Main objectives

We studied indexed multisets in the context of multiset rewriting systems, using indexes to capture the number of the step in which a rule is applied or an object is produced [L1]. We showed that the evolution of a multiset rewriting system is accurately reflected by its indexed version and we extended this result to maximal parallelism. We analysed situations in which indexed rule application can be postponed, and introduced an equivalence relation based on such situations. We introduced the notions of cause and of causal chains, and showed how adding indexes allows us to decompose evolution into independent causal chains.

We defined a stochastic version of the fusion calculus [L2]. The stochastic nature is evident in the labelled transition system providing the operational semantics of stochastic fusion calculus, where labels represent the rates corresponding to exponential distributions.
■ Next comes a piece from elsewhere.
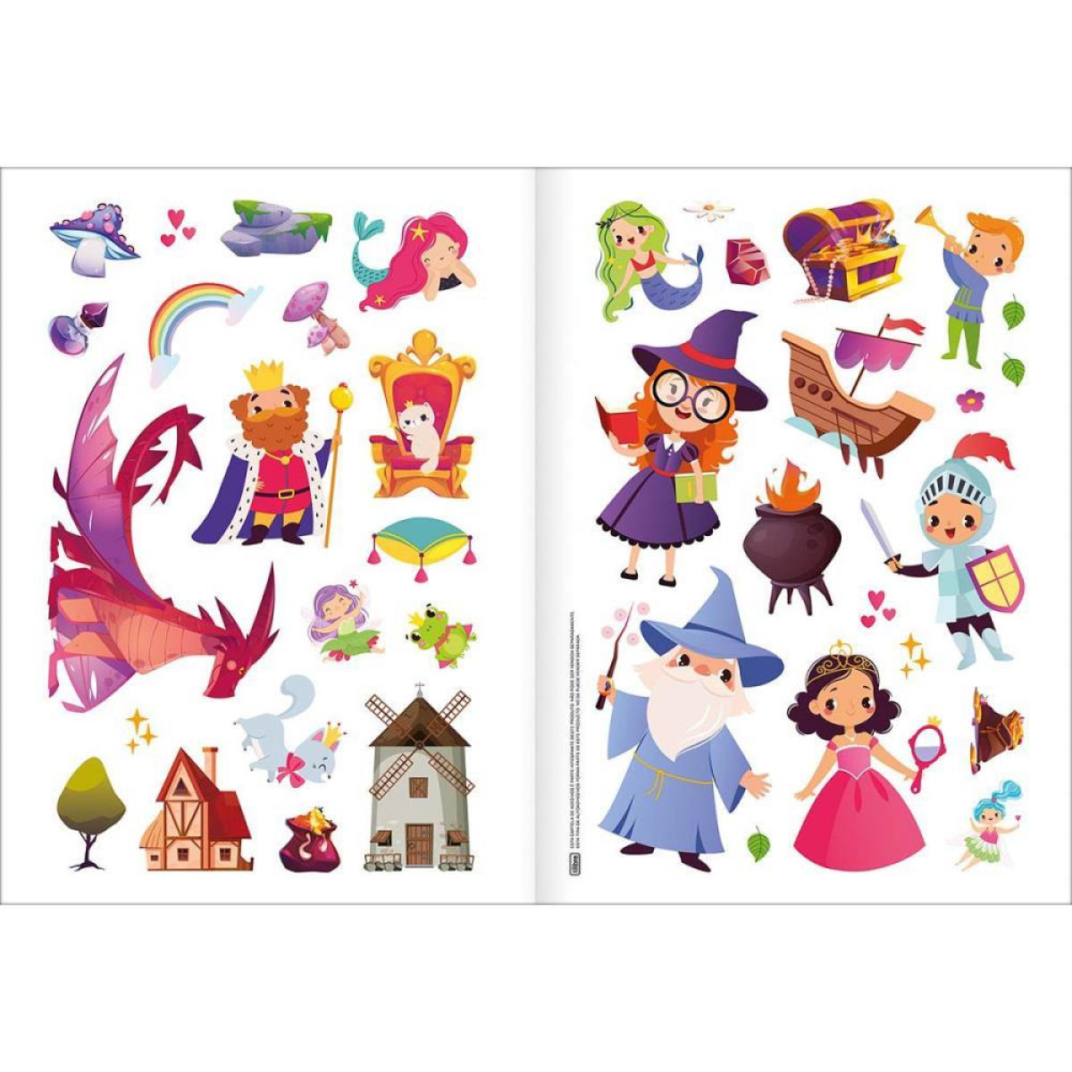 O Album de Atividades Cenario Magico Jardim Encantado e perfeito para estimular a imaginacao das criancas! Sao mais de 120 adesivos para colar em 16 paginas com cenarios variados — como castelos, florestas, espaco e fazenda — prontos para criar historias e aventuras divertidas.

We extended the notion of hyperbisimulation to stochastic fusion calculus, and prove that the stochastic hyperequivalence is a congruence.

We introduced and studied Scenario Based P Systems in order to model computation inspired by metabolic pathways and networks [L3]. Starting from the classical definition of P systems with symbol objects and multiset rewriting rules, we use regular expressions able to capture the causal dependencies among different executions of the rules. The presented results prove the computational power of this model.

We showed that a class of mobile membranes using only elementary division and mobility can provide a semi-uniform polynomial solutions for the 4QBF problem, ascending to the fourth level in the polynomial hierarchy [L4].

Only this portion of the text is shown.